Brokers

Here’s One Seamless Way to Pump Extra Money Into Your Brokerage Account Every Year

The nice thing about saving money for retirement in a 401(k) is that many employers offer matching contributions to these accounts. So if you have a dollar-for-dollar match for up to $3,000 a year in contributions, putting in that much from your own paycheck scores you an additional $3,000 from your employer.

It’s not quite as easy to snag extra money in a brokerage account. Sure, some of these accounts have a welcome offer where you’ll get a small deposit made to your account after you sign up. But for the most part, the money you put into your brokerage account is cash you have to transfer from another source, like a linked bank account.

But there is one trick you can employ to get extra money in your brokerage account year after year. It boils down to choosing investments that pay you regularly.

It pays to look at dividend stocks

When a company pays dividends, it’s sharing some of its profits with its shareholders. Publicly traded companies are not required to pay dividends. And some of the most well-known ones don’t.

Amazon, for example, is a popular stock. But it doesn’t pay dividends. Instead, it opts to reinvest its profits in the business with the goal of growing its revenue.

But when a company does pay dividends, it’s basically giving you bonus money for being a shareholder. And those dividend payments will generally land in your brokerage account on a quarterly basis. So even if you don’t add money to your account yourself, you could still end up with more cash to invest.

Of course, you don’t have to invest your dividend payments. You could take the money and run. But a good way to grow your wealth is to reinvest that money.

Many brokerage accounts let you arrange for your dividend payments to be reinvested automatically in the companies they came from. You may want to set that up in your account so it happens seamlessly.

Look beyond dividends when choosing investments

Dividends can be a nice source of extra money in your brokerage account.

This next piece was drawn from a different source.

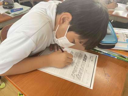 万博調べ学習、美術のレタリング、漢字テスト勉強等、各々が課題を見つけ、取り組んでいます。

If you collect enough of them, they can even serve as a source of regular income. In fact, many retirees opt to invest in dividend stocks and use those quarterly payments to cover their expenses.

But one thing you don’t want to do is buy shares of a given stock for the dividend alone. Remember, there are two ways to make money in stocks — share price growth and dividends. But a generous dividend doesn’t mean a given company is poised for growth. Some companies might stunt their growth by sharing too much of the wealth with stockholders.

That’s why you should look at the whole picture before buying stocks for the dividends alone. As one example, Pfizer has a pretty generous dividend yield of about 6%. But the stock is also down over 32% over the past five years.

Now, this doesn’t mean you should write off Pfizer. We can’t see the future, and the stock could end up being a moneymaker for people who hold it for the long haul.

The point, however, is that you can’t look at dividends alone when making decisions about which stocks to buy. But if you do find some quality stocks that happen to pay a dividend, you have a chance to open the door to more investing opportunities without having to find the money elsewhere.